Правила для мужчин: Как стать успешным в личной жизни, бизнесе и власти (страница 4)

Страница 4

Ну так вот – Виталик. Живёт у меня, спит на второй кровати. В комнате был один стол и один стул, и они почти всегда были заняты этим Виталиком. Со временем я узнал, что он писал стихи. Меня это его увлечение сильно удивило, но я никому про него не рассказывал, за что получил от Виталика уважение, признание и в будущем благодарность – этими же стихами. Не то чтобы мне нравились стихи Виталика (особенно после того, когда в школе заставляли учить какого-нибудь Некрасова или Пушкина, и не потому, что я мог отличить ямб от хорея). Но пока мы жили вместе, я привык к тому, что стихи можно сочинять вот так – в обычной жизни.

Общаясь с Виталиком, я узнал его необычную и страшную, даже для меня, историю. Город Александровск-Сахалинский исторически был местом политической и воровской ссылки с самой страшной каторгой, где держали Пилсудского и Соньку Золотую Ручку. Ещё там были торговый порт и рыбоводный завод.

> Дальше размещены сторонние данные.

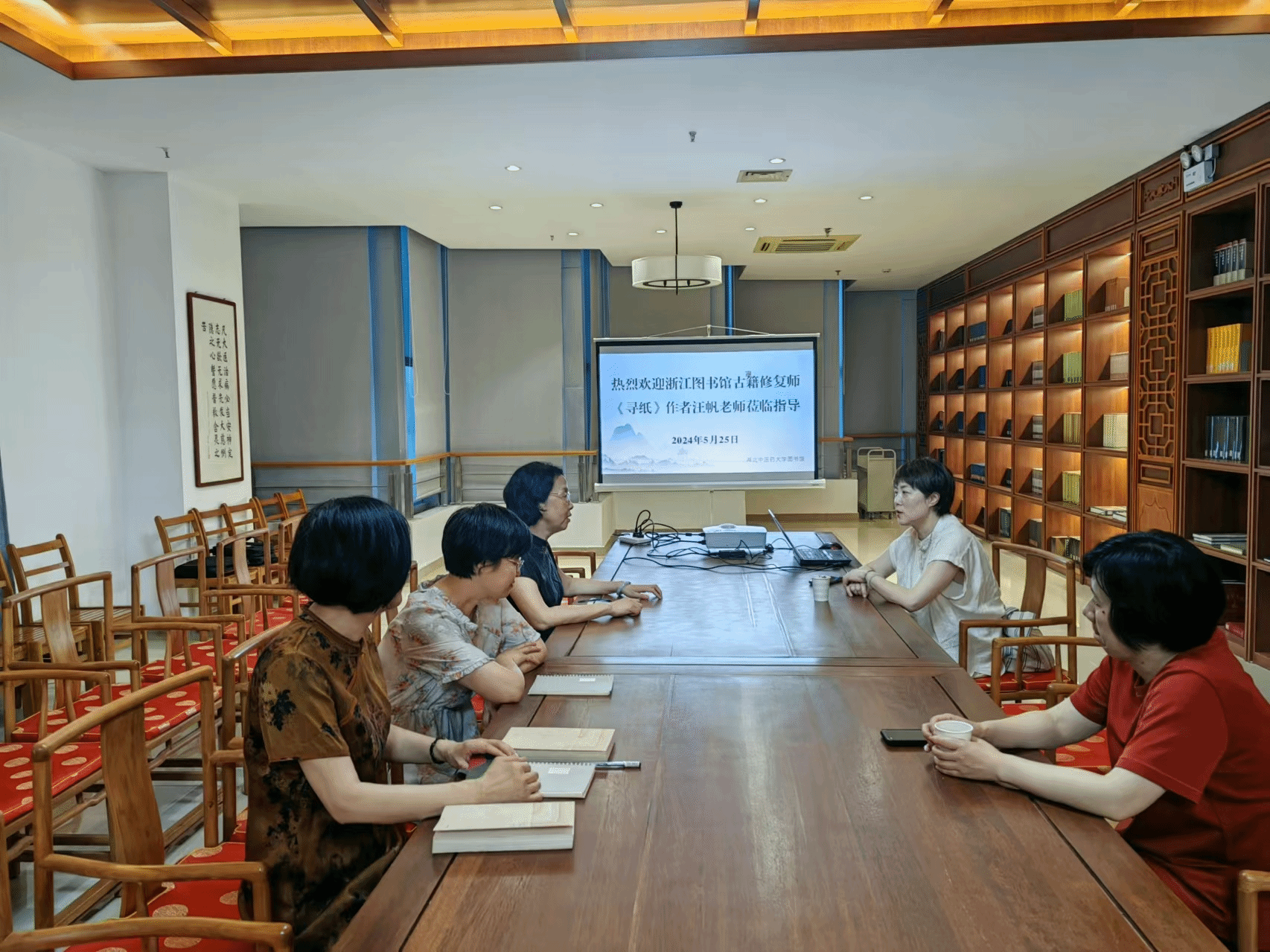 本网讯 5月25日,浙江图书馆(浙江省古籍保护中心)资深古籍修复专家、国家古籍修复技艺中心浙江传习所助理导师、《寻纸》作者汪帆,浙江图书馆古籍修复专家金琪应邀来校,参观指导古籍修复工作。图书馆负责人、古籍特藏部馆员参与交流。

Однажды в этом городе познакомились красивая молодая женщина и видный мужчина. Они полюбили друг друга, и, как принято, женщина родила мальчика, которого назвали Виталиком. Мужчина был капитаном, он ушёл на корабле в плавание и пропал без вести. Как это было на самом деле и в чём правда и ложь – не знаю, но эту историю Виталик рассказывал мне, основываясь на многих пересказах очевидцев и свидетелей. Мать, убитая горем, жить не хотела и Виталика решила извести. Нагрела в печи чугунок с водой, раздела малыша, облила его кипятком. Я не представляю, что должна мать при этом думать. Ну – несчастный случай, ну – горе матери, слёзы, осуждение соседей. А дальше – как участковый милиции посмотрит и протоколы составит.

На счастье (или несчастье), открылась дверь и вбежала соседка. А дальше всё как-то неудачно получилось – для всех, кроме Виталика. Он, хоть и обожжённый, остался в живых (лишь под мышкой образовалась дыра, он потом часто фокус показывал – как-то свистел через неё). Мать наговорила на соседку, что они в сговоре были. Соседке дали 14 лет (потому что та до того была судима), а матери – восемь лет колонии общего режима.

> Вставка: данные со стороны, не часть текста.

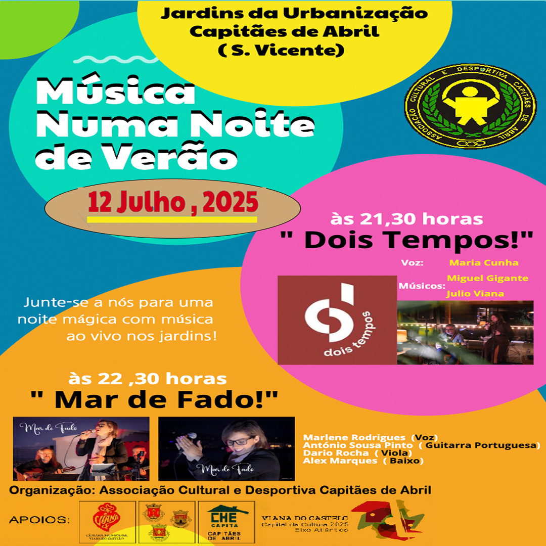 A Associação Cultural e Desportiva Capitães de Abril, com o apoio da Câmara Municipal de Viana do Castelo e integrada no programa da Cidade Europeia da Cultura do Eixo Atlântico 2025, promove duas grandes noites culturais nos Jardins da Urbanização Capitães de Abril (S. Vicente)que prometem animar o início de julho com arte, música e convívio ao ar livre.

Что дальше? А дальше Виталик получил прививку от доброты – людей всех не любил, а мать и вовсе ненавидел. Хотя, конечно, общество, в котором он прожил свою жизнь, наверное, и не за что было любить. Он ненавидел свою мать лютой, недетской ненавистью. Ненависть та была не конечной, потому что дальше появилась мечта о мести. Ребёнок, у которого есть мечта, – это хорошо, но когда мечтой всей его жизни становится желание найти и убить свою мать… Это была уже цель его жизни. На этот счёт не один раз у нас были разговоры с Виталиком. Я ему объяснял, что за самого себя мстить нельзя, это не по правилам. Мстить можно только за другого.

Но это не конец той истории. В последнем, десятом классе меня прямо с урока срочно вызвали к Изергиль. Зайдя в Ленинскую комнату, я увидел рыдающего здоровенного, красивого и моложавого, но при этом седого мужика и маленькую женщину, стоявшую позади этого здоровяка. Не так часто в жизни мне доводилось видеть такие картины. Мужик, увидев меня, слёзы-сопли вытер и сказал, что только я им могу помочь. Что он понимает – они с женой виноваты и что хотели бы забрать из этого страшного места своего сына Виталика, который только меня и может послушаться.

Оказалось, что Виталик кинулся на мать с кулаками и его с трудом оттащили с клочьями выдранных волос. Я сказал им всем, клятвенно пообещал, что обязательно уговорю его. Но сам-то знал – это невозможно, поскольку рана у этого парня настолько глубока, а мечта убить мать столь сильна. Что все его крики и рыдания по ночам во сне невозможно так просто, как выключателем, взять и переключить с фазы на ноль.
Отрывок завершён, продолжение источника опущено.